Depuis la loi du 10 décembre 2003, le préfet peut refuser d’admettre au séjour des étrangers originaires d’un pays estimé sûr.
En vertu de l’alinéa 2° de l’article L. 741-4 du code de l’entrée et du séjour des étrangers et du droit d’asile, un pays est considéré comme sûr « s’il veille au respect des principes de la liberté, de la démocratie et de l’état de droit, ainsi que des droits de l’homme et des libertés fondamentales ».
Or, la liste des pays d’origine sûrs, établie à partir des critères précités, est profondément insatisfaisante. Cela a été précédemment rappelé par ma collègue. Pour cette raison, depuis son arrêt du 13 février 2008, le Conseil d’État accepte de contrôler la légalité interne de cette liste.

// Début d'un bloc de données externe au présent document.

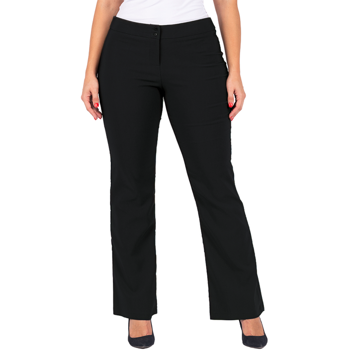 The figure-flattering mid-rise fit and subtle bootcut silhouette provide a polished, tailored appearance that maintains a clean, professional line, effortlessly accommodating your footwear. The smooth, flat front ensures a streamlined look that pairs perfectly with blazers, uniform shirts, and dress blouses.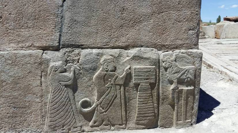 GİRİŞİN SAĞINDAKİ DUVARDA, SANDALYEDE OTURAN GÜNEŞ TANRIÇASI VE KARŞISINDA ELLERİNDE ASA OLAN FİGÜRLER KABARTMASI, GİRİŞİN SOLUNDAKİ DUVARDA DA ALTAR ÜZERİNDEKİ BOĞAYA DUA EDEN KRAL VE KRALİÇE KABARTMALARI VAR.

Dans un récent arrêt du 23 juillet 2010, le Conseil d’État a franchi une étape supplémentaire en invalidant la présence du Mali, de Madagascar, de l’Arménie et de la Turquie dans cette liste. La fréquence des pratiques d’excision, la persécution des opposants au régime ou encore l’instabilité politique et sociale interne de ces États ont été autant de raisons invoquées par la plus haute juridiction administrative.
Aujourd’hui encore, il est possible de s’interroger sur la cohérence et le bien-fondé de cette liste. En effet, comment des pays pratiquant la peine de mort – le Bénin, la Tanzanie, la Mongolie ou le Ghana – peuvent-ils être considérés comme sûrs alors même qu’ils menacent la vie de leurs ressortissants ?
Nous sentons bien que cette liste n’a aucune légitimité en soi. D’ailleurs, à l’échelle communautaire, aucun accord sur l’élaboration d’une telle liste n’a été trouvé. Cette liste sert bien plus les intérêts diplomatiques de la France qu’elle ne protège les demandeurs d’asile. En effet, la « liste des pays d’origine sûrs » permet d’appliquer la procédure prioritaire au demandeur d’asile. Or, cette procédure est une entrave aux droits des demandeurs d’asile.
Dans cette hypothèse, les demandeurs ne bénéficient pas d’un droit au séjour et, s’ils peuvent saisir l’office français de protection des réfugiés et des apatrides, le recours devant la Cour nationale du droit d’asile n’est pas suspensif.
Autrement dit, dès que l’OFPRA a notifié sa décision de rejet, l’étranger peut être expulsé.
En fait, nous percevons parfaitement la logique que sous-tend la liste des « pays d’origine sûrs » : elle permet d’accélérer les reconduites à la frontière, en déclenchant la procédure prioritaire.
Si le zèle du Gouvernement en la matière n’est plus à démontrer, il doit cependant être combattu avec acharnement quand les droits fondamentaux des demandeurs d’asile ne sont pas respectés et qu’il n’existe pas de garanties quant aux risques de persécutions et d’exactions à leur encontre.
Le Gouvernement fait preuve – il faut le dire – d’une hypocrisie honteuse en prétendant protéger la vie et les droits des demandeurs d’asile, tout en déclenchant la procédure prioritaire.
Ainsi, l’amendement que nous proposons vise à supprimer la liste des pays d’origine sûrs, par essence difficile à établir. Les demandeurs d’asile seront alors véritablement protégés, et leurs droits certainement mieux respectés.